Using a minimum block size of 32 is recommended for most applications.

## Algorithm
Block aligner provides a new efficient way to compute pairwise alignments on proteins, DNA sequences,
and byte strings with dynamic programming.
Block aligner also supports aligning sequences to profiles, which are position-specific
scoring matrices and position-specific gap open costs.
It works by calculating scores in a small square block that is shifted down or right in a greedy
manner, based on the scores at the edges of the block.
This dynamic approach results in a much smaller calculated block area compared to previous approaches,
though at the expense of some accuracy.
The block can also go back to a previous best checkpoint and grow larger, to handle difficult regions
with large gaps.
The block size can also dynamically shrink when it detects that a large block is not needed.
Both block growing and shrinking are based on heuristics.

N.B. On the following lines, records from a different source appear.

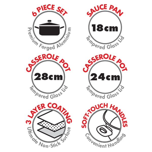 Eating healthy can be difficult and costly, but on the flip side our premium Bennett Read Copper and Rock range makes life simpler, easier and a whole lot cheaper. Using cutting edge technology, we’ve created a set of pots with unparalleled heat-distribution with class-leading levels of scratch-resistance. The Bennett Read Copper and Rock Forged 6-Piece Non-Stick Pot Set allows for cooking without the need to add any additional fat or oil giving you healthier meals and a quicker clean-up. The forged aluminium core on the Copper and Rock Pot Set conducts heat faster, stays hot longer and cooks more evenly, giving you professional results every time! With its stylish copper finish, heat-resistant bakelite handles and stainless steel base, the Copper and Rock Pot Set makes for effortless and stylish cooking! This set consists of 1X 18cm sauce pan, 1X 28cm casserole pot and 1X 24cm casserole pot, all with tempered glass lids. With the strength of stone and the beauty of copper, it is premium quality at an incredible value.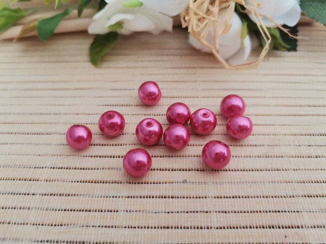 50 Perles en verre 8 mm fuchsia tréfilé rose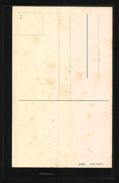 Personenbezogene Daten auf der Rückseite der Karte wurden durch blauen Textmarker unkenntlich gemacht. Die blauen Stellen sind auf die Vorderseite durchgeweicht und wirken sich negativ auf das Postkartenfoto aus

By trading off some accuracy for speed, block aligner is able to efficiently handle a variety of scoring matrices and
adapt to sequences of varying sequence identities. In practice, it is still very accurate on a variety of protein and
nucleotide sequences.

Block aligner is designed to exploit SIMD parallelism on modern CPUs.
Currently, AVX2 (256-bit vectors), Neon (128-bit vectors), and WASM SIMD (128-bit vectors) are supported.
For score calculations, 16-bit score values (lanes) and 32-bit per block offsets are used.

Block aligner behaves similarly to an (adaptive) banded aligner when the minimum and maximum block size is set to
the same value.

## Install
This library can be used on both stable and nightly Rust channels.
The nightly channel is needed for running tests and benchmarks. Additionally, the tests
and benchmarks need to run on Linux or MacOS.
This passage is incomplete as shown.